Among the various CD4 T cell subsets, the CD4 Th1 cells provide the primary response to intracellular pathogens. As mentioned earlier, after CD4 T cells are activated they receive a differentiation signal that determines their cytokine profile. In Th1 cells, IL-12 upregulates the transcription factor T-bet, which is required by CD4 T cells for IFN-γ production (58). Once activated, Th1 cells are programed to secrete pro-inflammatory cytokines that include IFN-γ, TNFα, and IL-2 upon re-stimulation. In contrast, CD8 T cell priming is not usually thought of in terms of differentiation of particular subsets with distinct functions, although functional subsets have been described. Termed Tc1, Tc2, and Tc17 in reference to their Th counterparts, these cells are found in relatively low-frequency under normal circumstances, and the mechanisms driving the development of these alternative CD8 T cells remain poorly understood (58). Signal 3 was initially identified in CD4 and CD8 T cells simply as the inflammatory cytokine(s) required to induce proliferation and differentiation to effector capacity (59). Type I interferons and IL-12 have both extensively been shown to result in the survival, expansion, and differentiation of CD8 T cells, and are critical for the conventionally described CD8 T cell effector responses, including cytolytic activity and IFN-γ production (59–62).

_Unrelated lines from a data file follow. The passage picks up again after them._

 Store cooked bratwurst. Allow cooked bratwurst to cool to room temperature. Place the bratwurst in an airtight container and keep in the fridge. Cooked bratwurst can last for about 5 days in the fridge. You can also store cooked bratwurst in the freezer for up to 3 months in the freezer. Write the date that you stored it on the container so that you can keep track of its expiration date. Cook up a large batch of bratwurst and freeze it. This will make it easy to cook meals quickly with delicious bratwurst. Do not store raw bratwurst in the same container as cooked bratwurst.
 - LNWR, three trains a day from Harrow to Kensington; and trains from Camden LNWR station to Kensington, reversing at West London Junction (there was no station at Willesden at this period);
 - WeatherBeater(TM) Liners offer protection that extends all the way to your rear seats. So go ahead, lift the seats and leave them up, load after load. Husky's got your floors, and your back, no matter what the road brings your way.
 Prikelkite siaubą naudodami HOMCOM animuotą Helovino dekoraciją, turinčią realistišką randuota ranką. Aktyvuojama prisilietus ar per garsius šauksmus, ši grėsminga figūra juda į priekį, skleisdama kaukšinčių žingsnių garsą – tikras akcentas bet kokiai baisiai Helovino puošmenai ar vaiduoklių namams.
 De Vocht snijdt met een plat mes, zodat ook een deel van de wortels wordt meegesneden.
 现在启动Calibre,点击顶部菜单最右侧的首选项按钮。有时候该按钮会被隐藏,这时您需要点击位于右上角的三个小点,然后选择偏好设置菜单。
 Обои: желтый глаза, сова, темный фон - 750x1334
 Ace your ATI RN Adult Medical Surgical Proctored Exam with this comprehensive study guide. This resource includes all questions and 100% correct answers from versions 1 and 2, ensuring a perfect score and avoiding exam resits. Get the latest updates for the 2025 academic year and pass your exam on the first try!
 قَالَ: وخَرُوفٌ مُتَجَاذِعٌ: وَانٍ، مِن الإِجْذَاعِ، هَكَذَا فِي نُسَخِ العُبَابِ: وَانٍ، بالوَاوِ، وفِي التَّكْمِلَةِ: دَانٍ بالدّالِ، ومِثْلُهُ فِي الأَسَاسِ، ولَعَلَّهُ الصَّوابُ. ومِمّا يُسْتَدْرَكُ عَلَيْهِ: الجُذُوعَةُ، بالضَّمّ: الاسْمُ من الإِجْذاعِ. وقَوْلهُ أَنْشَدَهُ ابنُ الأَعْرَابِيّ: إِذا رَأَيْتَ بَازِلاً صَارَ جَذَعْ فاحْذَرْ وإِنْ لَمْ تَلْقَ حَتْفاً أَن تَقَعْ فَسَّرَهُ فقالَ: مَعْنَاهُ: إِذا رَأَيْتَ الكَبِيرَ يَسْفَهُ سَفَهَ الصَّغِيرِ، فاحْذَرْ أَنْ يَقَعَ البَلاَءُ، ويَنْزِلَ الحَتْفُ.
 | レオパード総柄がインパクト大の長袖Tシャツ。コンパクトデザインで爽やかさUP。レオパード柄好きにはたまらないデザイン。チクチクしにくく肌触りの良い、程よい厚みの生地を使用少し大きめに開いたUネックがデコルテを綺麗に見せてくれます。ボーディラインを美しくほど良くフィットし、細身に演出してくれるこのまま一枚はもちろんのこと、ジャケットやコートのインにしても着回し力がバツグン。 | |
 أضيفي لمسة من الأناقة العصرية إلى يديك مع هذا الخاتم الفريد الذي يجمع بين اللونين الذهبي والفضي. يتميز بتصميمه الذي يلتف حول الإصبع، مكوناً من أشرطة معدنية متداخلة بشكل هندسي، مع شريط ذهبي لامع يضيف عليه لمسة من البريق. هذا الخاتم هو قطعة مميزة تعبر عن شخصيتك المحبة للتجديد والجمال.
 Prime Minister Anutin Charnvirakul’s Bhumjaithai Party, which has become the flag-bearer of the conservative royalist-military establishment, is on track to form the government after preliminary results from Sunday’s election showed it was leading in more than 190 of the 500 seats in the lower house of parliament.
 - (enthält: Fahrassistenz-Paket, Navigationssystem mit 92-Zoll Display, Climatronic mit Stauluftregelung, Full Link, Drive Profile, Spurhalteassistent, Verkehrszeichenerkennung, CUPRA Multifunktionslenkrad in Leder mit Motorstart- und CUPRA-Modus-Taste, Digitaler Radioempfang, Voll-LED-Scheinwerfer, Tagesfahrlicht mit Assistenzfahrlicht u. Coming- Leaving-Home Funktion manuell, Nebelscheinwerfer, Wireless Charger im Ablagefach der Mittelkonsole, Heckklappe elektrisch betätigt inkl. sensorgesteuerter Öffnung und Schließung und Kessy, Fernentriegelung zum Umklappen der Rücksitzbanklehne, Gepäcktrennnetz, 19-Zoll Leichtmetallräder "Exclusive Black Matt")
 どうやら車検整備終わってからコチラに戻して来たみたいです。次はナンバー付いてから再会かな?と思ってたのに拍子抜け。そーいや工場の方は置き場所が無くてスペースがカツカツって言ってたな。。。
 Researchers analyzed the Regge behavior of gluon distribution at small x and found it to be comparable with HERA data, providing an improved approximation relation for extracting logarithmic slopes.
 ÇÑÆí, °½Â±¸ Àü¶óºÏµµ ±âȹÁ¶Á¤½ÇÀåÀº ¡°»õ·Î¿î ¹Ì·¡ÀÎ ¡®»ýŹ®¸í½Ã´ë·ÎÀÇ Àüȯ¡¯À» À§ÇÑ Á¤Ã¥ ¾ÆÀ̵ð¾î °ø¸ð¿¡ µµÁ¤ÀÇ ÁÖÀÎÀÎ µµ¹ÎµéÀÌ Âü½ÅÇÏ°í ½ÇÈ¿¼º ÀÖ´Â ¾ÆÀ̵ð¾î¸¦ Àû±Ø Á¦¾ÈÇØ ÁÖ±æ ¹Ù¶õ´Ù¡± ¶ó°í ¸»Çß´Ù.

Additional differences between CD4 and CD8 T cell activation include, but are not limited to a shorter required duration of antigenic stimulation in CD8 T cells (63–65), different transcriptional regulation, including partial redundancy for the transcription factors T-bet and Eomes in IFN-γ production in CD8, but not CD4 (30), and differences in cellular trafficking and antigen surveillance (66). Further, evidence suggests that CD4 T cells can help to initiate CD8 T cell priming (67, 68), and may be required for optimal CD8 memory formation, a regulatory interaction that argues against mechanistic redundancy in the activation process. Thus, while T cells have evolved to share many similar pathways, CD4 and CD8 T cells are distinct cell types with different functions and rules to govern them. When studying T cell functions it is critical to keep these differences in mind and to choose a model system capable of demonstrating the full potential of the cell of interest. Accordingly, the strong requirement for Th1 cell functions in Salmonella infections makes this model system ideal for study of Th1 responses (9–11).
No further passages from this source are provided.